Auf der Facebookseite der Biberacher Filmfestspiele haben sich in den vergangenen Tagen verschiedene Filmschaffende zu dem Thema zu Wort gemeldet. „Ob Biberach nach dieser Entscheidung noch das „Familientreffen der deutschen Filmemacher“bleiben wird?“, fragt sich zum Beispiel Regisseur Felix Hassenfratz, Gewinner des Debütbibers 2018, und fährt fort: „Die Herzensarbeit von Adrian Kutter und Helga Reichert sehe ich durch diesen Bruch mit den Wurzeln des Festivals und seinen Grundwerten nach über 40 Jahren ernsthaft in Gefahr. Ich wünsche mir, genau wie viele, viele Filmschaffende, dass ihr eure Entscheidung überdenkt.“
Regisseur und Produzent Martin Blankemeyer schreibt: „Biberacher Filmfestspiele ohne/gegen Helga und Adrian sind völlig unvorstellbar! Entweder ihr einigt euch – oder ihr macht den weg frei für einen neuen Vorstand, der das hinbekommt!“
„Wieso lässt man Menschen wie Helga Reichert, und mit ihr die Institution, das jahrzehntelange Aushängeschild, den Gründer Adrian Kutter, der dieses Filmfestival 40 Jahre (40!!!) geleitet hat, so einfach ziehen?“, fragt sich Schauspieler Christian Schiesser.
„Helga Reichert, hat als neue Festivaldirektorin bereits gezeigt, dass sie eine würdige Nachfolgerin ist. Hier kann das letzte Wort doch noch nicht gesprochen sein! Es wäre fatal und ein unfassbar schwerer Verlust, nicht nur für die Stadt, sondern für uns Filmschaffende“, äußert sich Regisseurin Sigrid Klausmann, die mit ihrem Mann Walter Sittler regelmäßig in Biberach zu Gast war. Und Schauspieler und Regisseur Erik Borner schreibt: „Der Vorstand sollte keinesfalls unterschätzen, dass ein Biberacher Filmfestival ganz ohne Helga Reichert und Adrian Kutter im Grunde keinen wirklichen Anklang mehr finden wird.“
Aber ist eine Einigung überhaupt noch möglich? Auf der Internetseite des Monatsmagazins „Blix“ist zu lesen, dass Helga Reichert sich vorstellen könne, die Intendanz weiterhin zu übernehmen. Zeichen einer Annäherung also?
„Ich würde die Filmfestspiele schon gerne machen, aber nicht in diesem Rahmen“, sagt Helga Reichert auf Nachfrage der SZ. Sie könne sich das mit einem neuen Team vorstellen. „Möglicherweise funktioniert die aktuelle Struktur ja nicht. Derzeit entscheidet ein ehrenamtlicher Laienvorstand über ein professionelles Filmfest.“
Sie habe in den vergangenen Tagen viele Rückmeldungen aus der Filmbranche und von Festivalbesuchern bekommen, die ihre Entscheidung bedauert hätten. „Sie haben mir aber auch vermittelt, dass ich es bislang richtig gemacht habe“, sagt Reichert. Sie habe ein halbes Jahr lang versucht, mit dem Vereinsvorstand eine Einigung zu erreichen. „Wir sind nicht zusammengekommen, und es wurde mir zu verstehen gegeben, dass man mit mir nicht mehr will.“Der Verein sei auf dem Papier der Veranstalter und sie werde nicht darum betteln, die Filmfestspiele machen zu dürfen. Sie sei in dieser Sache nicht mehr in Kontakt mit dem Vorstand, sagt Reichert.
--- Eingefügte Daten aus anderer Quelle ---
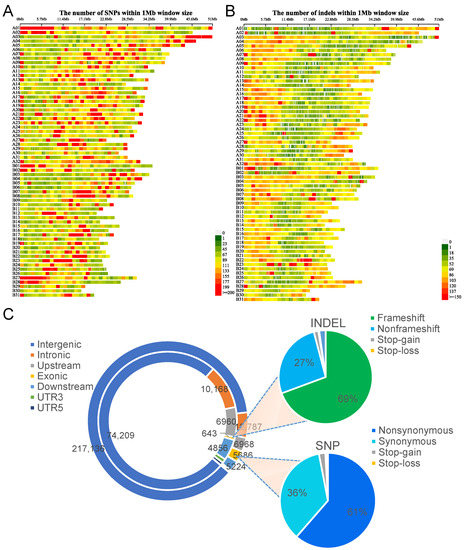 Distribution and annotation for SNPs and INDELs. (A,B) Density distribution of all SNPs (A) and INDELs (B) on chromosomes; (C) Genome annotation and functional annotation of SNPs and INDELs. The left doughnut diagram is the result of the genome annotation, the outer circle is the SNP, and the inner circle is INDEL. The right pie chart is the functional annotation for INDEL (top) and SNP (bottom).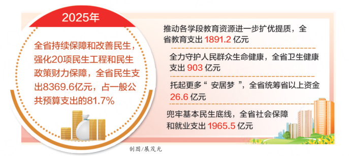 夯实民生之本,增进民生福祉。从河北省财政厅获悉,2025年,全省持续保障和改善民生,强化20项民生工程和民生政策财力保障,全省民生支出8369.6亿元,占一般公共预算支出的81.7%。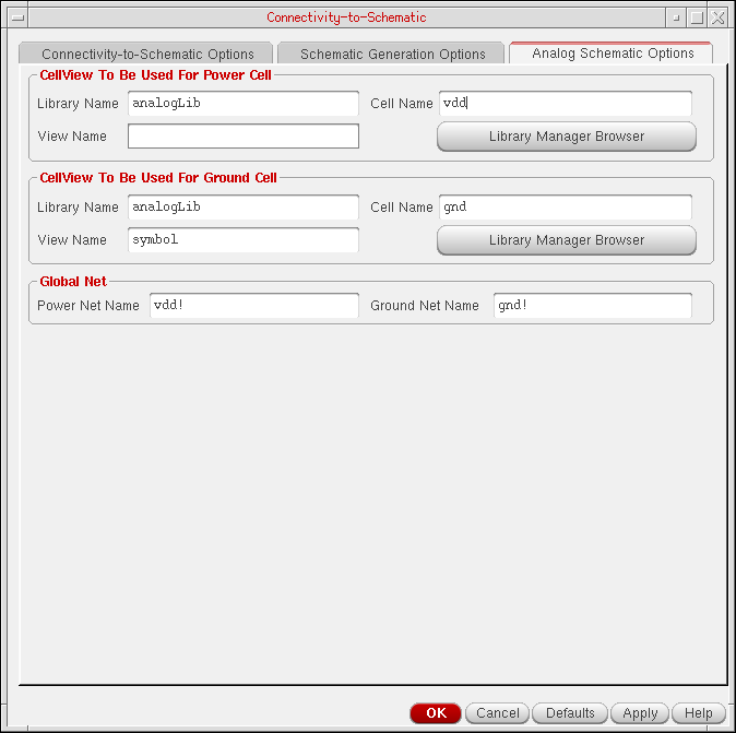 - Click OK or Apply on the Connectivity-to-Schematic tab to generate an analog schematic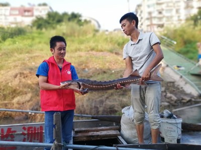 3月28日凌晨3點30分,湖北武漢,水利部中國科學(xué)院水工程生態(tài)研究所的科研人員們忙得滿頭是汗,小心翼翼地打撈著養(yǎng)殖池內(nèi)的“中華鱘寶寶”。這一天是第二個“中華鱘保護日”,他們精心繁殖培育數(shù)月的5萬尾子2.5代中華鱘魚苗將被放流長江。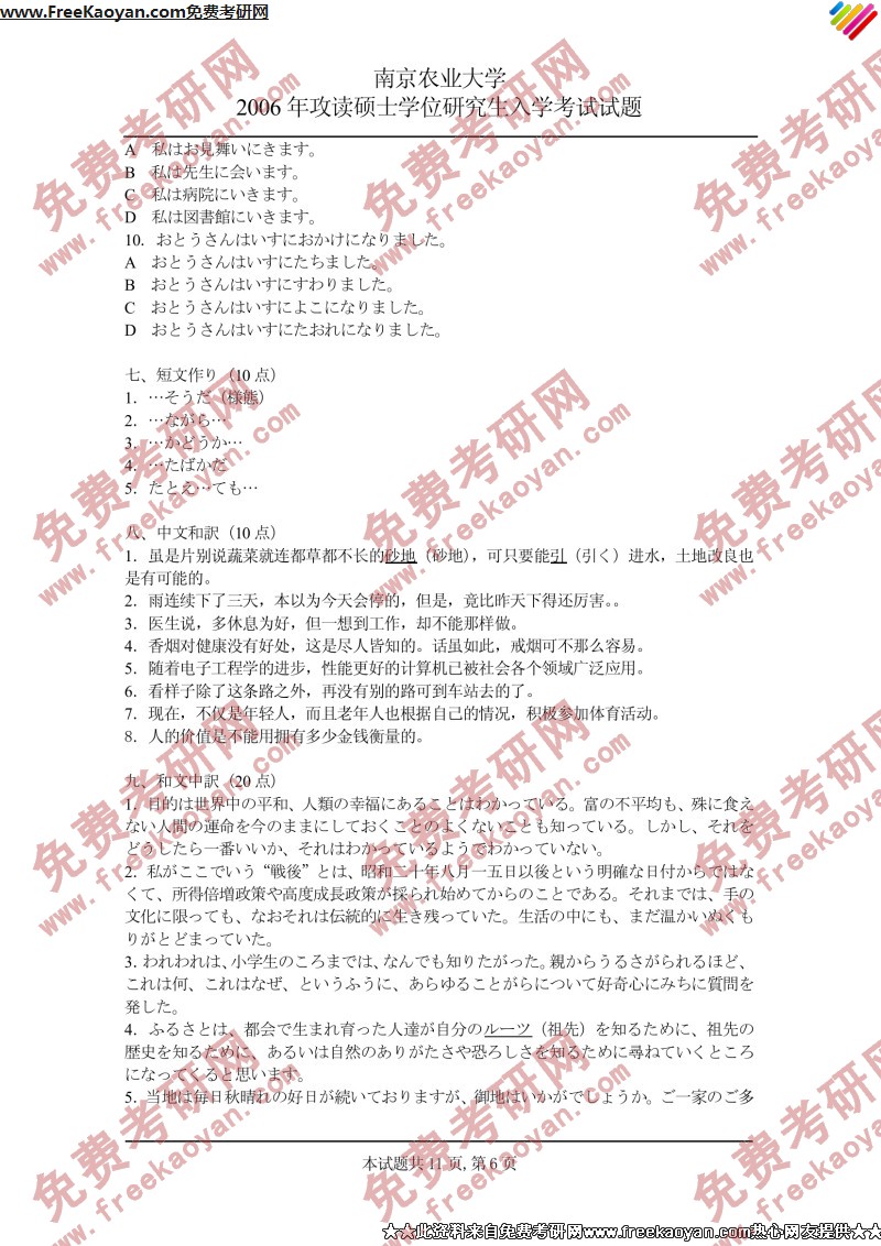专业课考研经验 本站小编 FreeKaoyan 2018-01-23南京农业大学2006年考研真题-日语读解与写作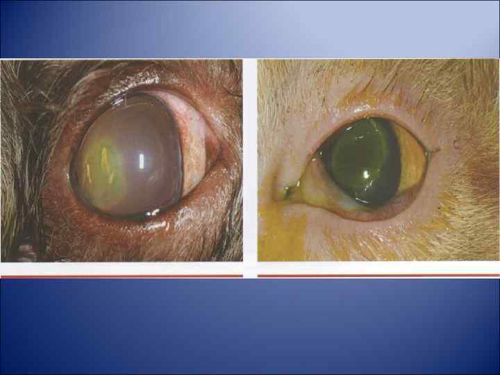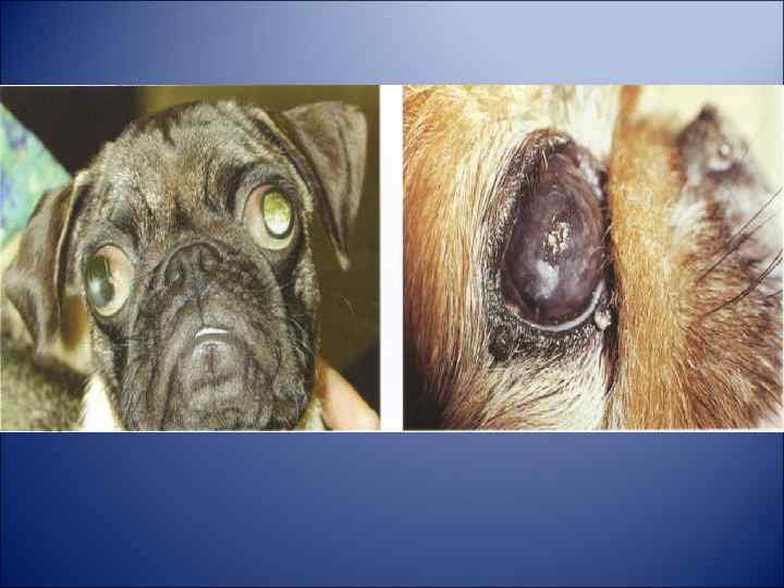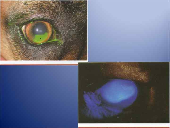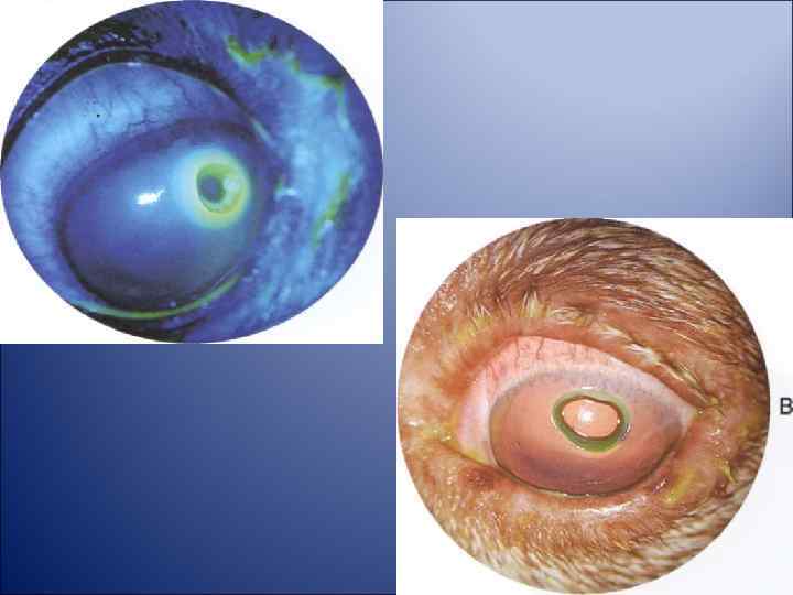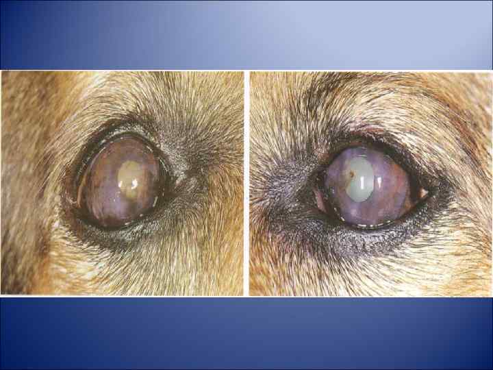 Лечение: антибиотик + кератопротектор, поверхностные язвы 4 -5 раз в день, глубокие 7 -8 раз в день, + противовирусные + нестероидные противоваспалительные (если отек) + антииоксиданты + цикломед или атропин Для рассасывания рубца кортикостероиды (макситрол, гаразон) на 2 недели Защитный воротник Хирургическое : тарзорафия, донорская или искусственная роговица, аллоплант, лоскут. При нейротрофических язвах (боксеры, таксы) – послойная кератопластика, точечная или решетчатая кератэктомия, прижигание йодом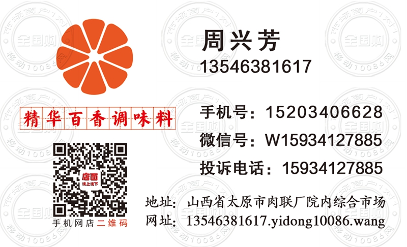 太原精华百香调味料名片-15203406628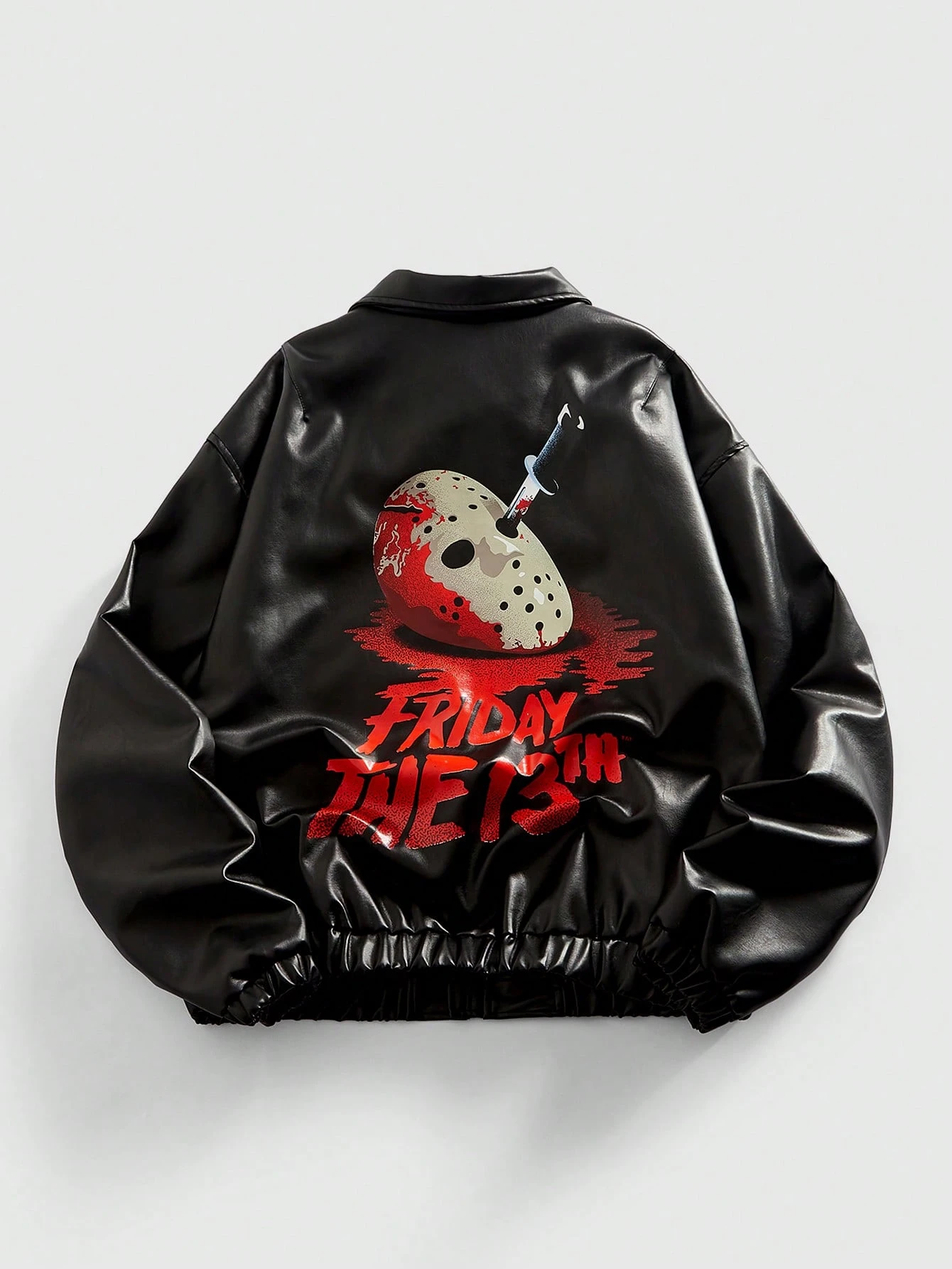 Friday the 13th X ROMWE Men Fall Cool Mask & Letter Graphic PU Leather Jacket

Auch Tobias Meinhold, Vorsitzender des Filmfestvereins, bestätigt dies der SZ in einem knappen Statement. Man sei aktuell bemüht und in Gesprächen um eine Nachfolge bei der Intendanz, nicht allerdings mit Helga Reichert. Ziel sei, bis zur Mitgliederversammlung am 30. März eine neue Intendanz zu präsentieren, hatte Meinhold vor knapp drei Wochen gesagt.